Professor of Philosophy,
Denver Seminary

John Staddon replies:

Dr. Groothuis seeks a source for the principles I proposed. My source is just a faith in the value of science. But of course these principles may be justified in other ways, such as the Christian religion, which was the faith of many scientific pioneers. The general point is that no principles, even those that make scientific activity possible, follow from the facts of science.

John Staddon
Duke University


To the Editor:

It is a pleasure to point out and applaud the quality and content of the excellent articles that appeared in the summer [2022] issue of AQ. The editor’s intro “Be a Mensch” had me going—Ms. Iannone hit a home run on a call to the Stoic ideal and a lot more. I read it twice and wish I could give such a wonderful summary of the essence of a virtuous adult life. Her essay was leavened with common sense and clear thinking that it is a stand alone masterpiece of what we call mother wit in the nonpolitical correctness world.

I was stunned by the magnitude of Dr. Rozado's efforts and scholarship and the evidence he assembled from a deep and wide granular analysis of postmodern/grievance memes and themes in academic journals and the lay press (“The Prevalence of Prejudice and Social Justice Themes in the Academic Literature.”) Imagine a lexis type scan of articles and for fifty years, 170 million academic fifty million general publication articles. “Who could match that effort?” is the first thing I thought, and then I was impressed with his methods and analysis, so much so that I sent it to many friends and colleagues and I was asked by one of those colleagues to do a formal article review for an internet site.

The next three papers by three professors were excellent. They worked like the three tenors on the multifarious fallacious thinking of the critical race theory advocates (Douglas Groothuis, “Critical Race Theory in Six Logical Fallacies”), the inane but well worn “lived experience” fallacy (Tim Hsiao, “The Lived Experience Fallacy”), and the honored and essential elements of scientific inquiry (John Staddon, “The Faith of Science”). The three authors obeyed the basic rule—brevity is the soul of wit—and, I think, good teaching. So the three papers surrounded and captured an opportunity to teach about scientific methods and dangerous fallacies—erudite, thoughtful and insightful, but most of all efficient, no wasted space or words, impressive.
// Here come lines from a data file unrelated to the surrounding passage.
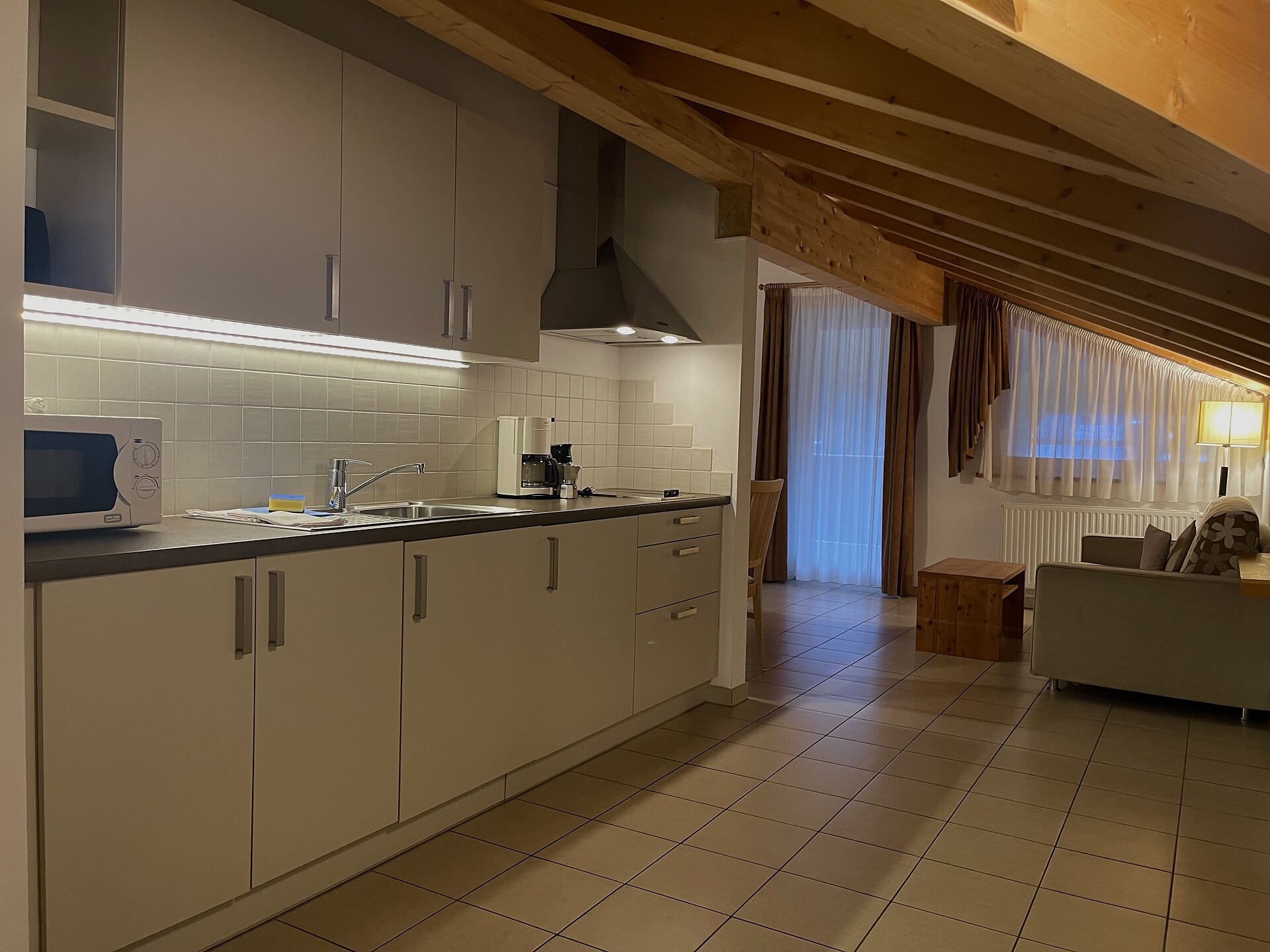 Doppelbett, Babybett, Bettsofa, Doppelschlafcouch, Balkon, Separater Wohnraum, Bettwäsche vorhanden, Safe, Wohnküche, Kaffeemaschine, Elektroherd, Mikrowelle, Geschirrausstattung, Dusche/Bad, Bidet, Haarfön, Bademantel, Badetücher, TV, Satellit/Kabel, WLAN, Internetanschluss, Reinigung auf Anfrage, Haupthaus, Panoramablick, Südseite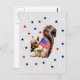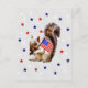 Esquilo patriótico marrom bonito. Tem sua bandeira, é cercado por estrelas vermelhas, brancas e azuis e está toda pronto para ir os loucos que comemoram o Dia da Independência.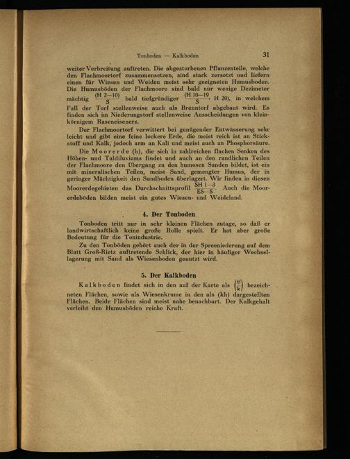Die Moorerde (h), die sich in zahlreichen flachen Senken des Höhen- und Taldiluviums findet und auch an den randlichen Teilen der Flachmoore den Übergang zu den humosen Sanden bildet, ist ein mit mineralischen Teilen, meist Sand, gemengter Humus, der in geringer Mächtigkeit den Sandboden überlagert. Wir finden in diesen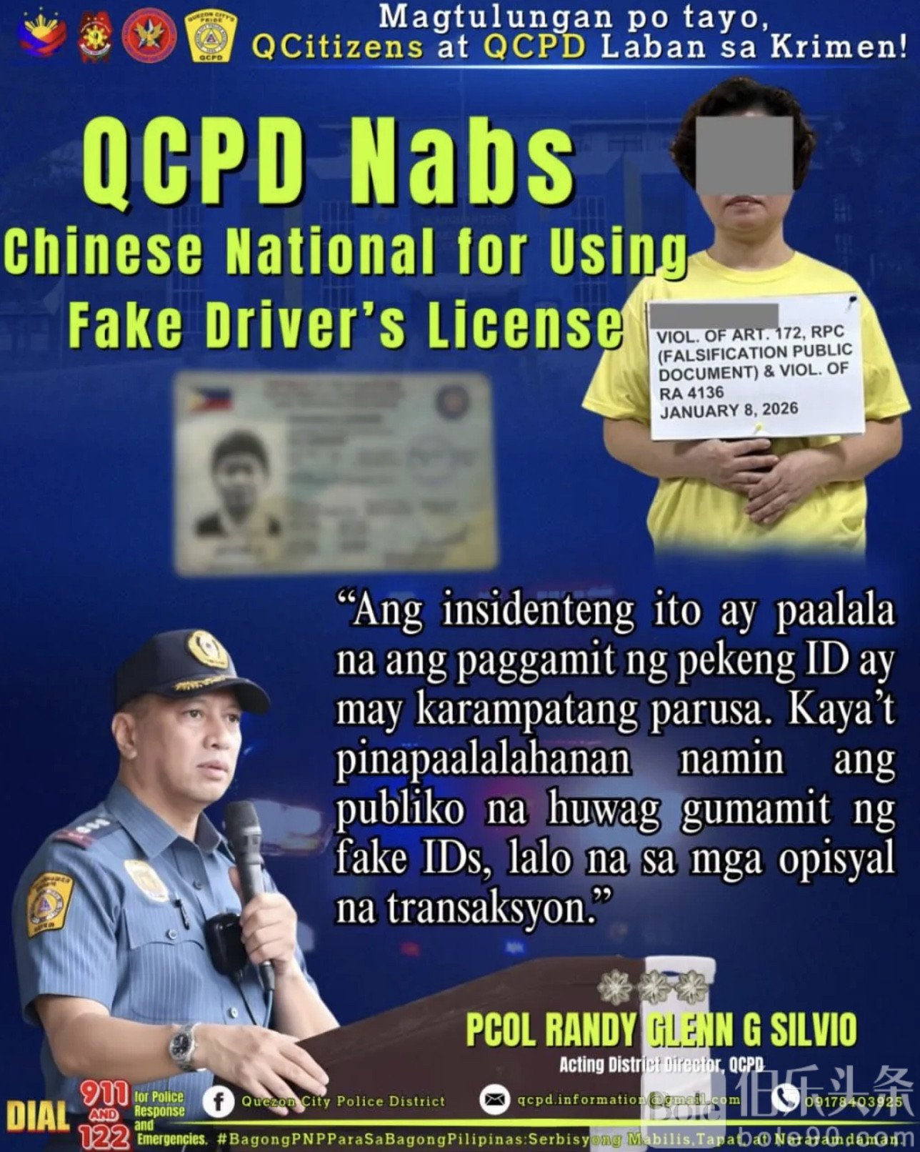 伯乐头条专讯:菲律宾奎松市警方日前通报,一名中国籍女子因在探监时出示伪造驾驶执照,被狱警当场识破并依法拘捕。看似一次普通的探视,却因一张“有问题的证件”迅速升级为刑事案件。

Next came the compelling story of a sensible art educator Michelle Kamhi, “Confronting Woke Groupthink in Art Education,” surrounded by an intolerant woke and close-minded censorious gang of art educators who were captives of the Marxist/socialist/grievance hustler groupthink world of the National Art Education Association (NAEA). What could go wrong if art educators hate Western culture because of political ideology? I thought the article would not be so interesting or compelling, but Ms. Kamhi did to me what Roger Scruton did—she reminded me of the importance of art as a part of culture. She told a very important story that invigorates my
antagonism to the chattering class. The only things missing in her essay were reminders of the noise constantly emanating from PBS and NPR on the taxpayer dime.

Attorney James Springer wrote a wonderful summary of the taxonomy of political philosophy (“Three Public Philosophies and Some Implications”), starting with some easy stuff and progressing to the permutations and deviations that happen when a concept gets put under the hood of the human population. . . . I particularly liked his discussion of what might be called the intellectual underpinnings of civil society: values and respect for the acquisition of knowledge and the importance of the individual. With that beginning he then provided examples of how hierarchical systems have some advantages only appreciated when the predictability is gone . . . Mr. Springer deftly explained identity politics, postmodernism, wokeism, grievance hustling that leads to totalitarianism.

Dr. Platt (Michael Platt, “What, After Speech Is Free, Shall We Say?”) provided an eloquent essay on the importance of speech and the value of open debate and discussions of the Western Canon and its foundational thinkers . . .

I could go on—there were two fine tributes to the late critic Midge Decter—but suffice it to say, the issue was chock full of good writing and ideas, every effort deserving my gratitude and praise.